For 1948, Lester joined the Yorkshire staff, and for next seven seasons he made more than 1,000 runs each year except 1951. His best years were 1949, when he scored 1,801 runs, and 1952 when, with 1,786 at an average little short of 50 runs an innings, he was fourth in the national averages. After further good seasons in 1953 and 1954, though, his batting fell away badly in 1955, and at the end of July he was dropped from the first team. Apart from one match against Scotland in 1956, he never regained his place.

Lester continued, however, to play for Yorkshire's Second XI for the next six seasons, often captaining the side and acting as the senior player alongside the younger players, including John Hampshire, Geoffrey Boycott, Philip Sharpe and Brian Bolus. There was a brief codicil to his playing career: in 1964, John Hampshire fell ill just before the Gillette Cup one day match against Middlesex at Lord's and Lester, acting as scorer, was drafted into the side.
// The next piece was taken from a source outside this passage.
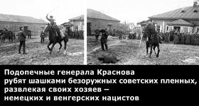 На совести казаков, пошедших в услужение к Гитлеру, – тысячи военных преступлений. Среди них, например, расправы с пленными. Наверно, всем интересующимся историей войны известны фотографии красновских казаков, которые рубят шашками безоружных советских пленных, демонстрируют свое мастерство кавалерийской рубки перед своими союзниками – германскими и венгерскими солдатами и офицерами. Немцы и венгры с одобрением смотрят, фотографируют. Также на счету гитлеровских казачков – борьба с партизанами, террор против гражданского населения, уничтожение белорусских деревень вместе с жителями, участие в подавлении Варшавского восстания. А заканчивалась их кровавая карьера весной 1945-го в Италии, где их преступления помнят до сих пор. За всем этим – генерал Краснов.

But Yorkshire lost and Lester, batting at number nine, failed to score.

Lester also played football as a goalkeeper for Scarborough F.C.

Thereafter, he became Yorkshire's regular scorer until his retirement in 1988. He was an often forthright champion against what he perceived as the undeserved neglect of the scorer's role in cricket competitions.